Sacralizing tribalism

Wolfe argues that we have a natural affinity for similar people and that, since God is the author of nature, this natural affinity is good. He believes, therefore, that we should affirm our desire to be with similar people, working to preserve what makes us culturally distinct and using government power as part of that effort. Wolfe’s argument is refreshingly clear, honest, and forthright about the foundations and implications of nationalism.

That we have natural affinities is clear. As I argue in my own book, we are tribal creatures, naturally drawn “to the people and places that feel familiar and in which we see ourselves reflected.” That’s a simple observation of human reality. But that doesn’t mean such loyalties are reliably good. Which leads to my first major difference with Wolfe: We cannot simply take human experience as an infallible guide, because human experience is corrupted by sin. As theologians in the natural law tradition might put it, that something is doesn’t imply that something ought to be. Wolfe leaps over this dilemma by a dubious sleight of hand, reading our group loyalties backwards into humanity’s unfallen state and so sanctifying them, unrevised and unchecked. “Your instinct to conduct everyday life among similar people is natural,” he argues, “and being natural, it is for your good.”

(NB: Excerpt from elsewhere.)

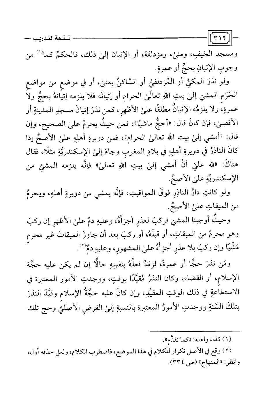 ولو نذرَ المكيُّ أو المُزدلفيُّ أو السَّاكنُ بمنى، أو في موضعٍ من مواضعِ الحَرَمِ المشيَ إلى بيتِ اللَّهِ تعالَى الحرام أو إتيانَه فلا يلزمه إتيانهُ بحجٍّ ولا عمرةٍ، ولا يلزمُه الإتيانُ مطلقًا على الأظهرِ، كمن نذرَ إتيانَ مسجدِ المدينةِ أو الأقصى، فإن كانَ قال: "أحجُّ ماشيًا"، فمن حيثُ يحرمُ على الصحيح، وإن قال: "أمشي إلى بيت اللَّه تعالى الحرام"، فمن دويرةِ أهلِهِ على الأصحِّ إذا كانَ الناذرُ في دويرةِ أهلِهِ في بلادِ المغربِ وجاءَ إلى الإسكندريَّةِ مثلًا، فقال هناكَ: "للَّه عليَّ أَنْ أمشي إلى بيتِ اللَّهِ تعالى" فإنَّه يلزمه المشي من الإسكندريَّةِ على الأصحِّ.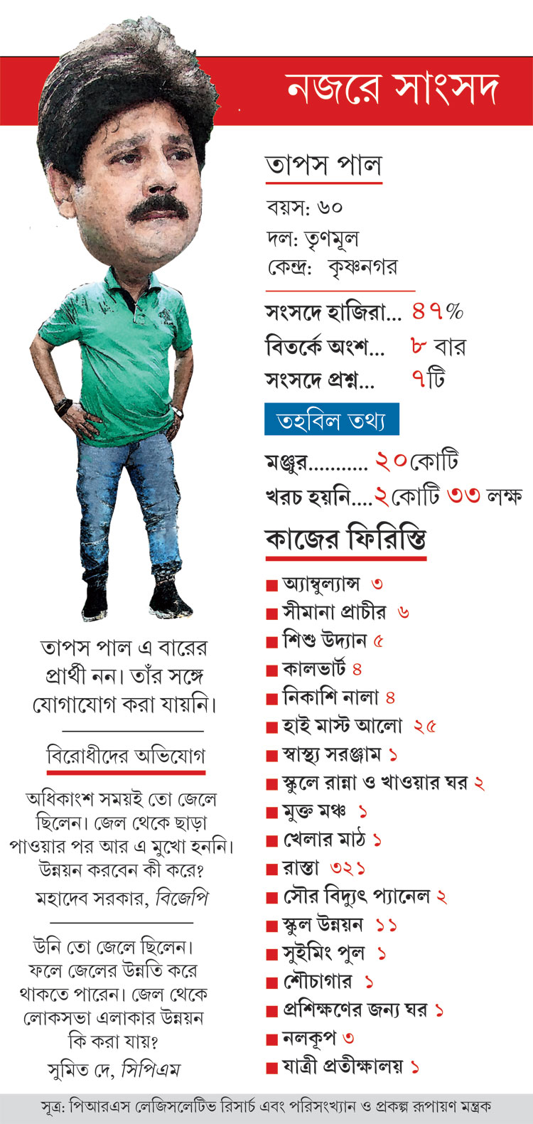 সাংসদ নিজে কী বলছেন? আর বিরোধীরা? সব মিলিয়ে এক নজরে আপনার সাংসদের রিপোর্ট কার্ড। আজ কৃষ্ণনগরের সাংসদ তাপস পাল।

Equating “natural” with “good” is not how one typically appeals to natural law. Sex, to take one example, is natural—but only good within certain bounds. Whether or not our desire to be with similar people dates back to the Garden of Eden is less relevant than how our fallen state corrupts our tribalism and magnifies its destructive tendencies. But for Wolfe, the Fall is no more than a speed bump on his way to sacralizing tribalism with little consideration for the boundaries necessary to keep it good. Nationalism pretends we can embrace the organic simplicity of tribal life without worrying about its dark side.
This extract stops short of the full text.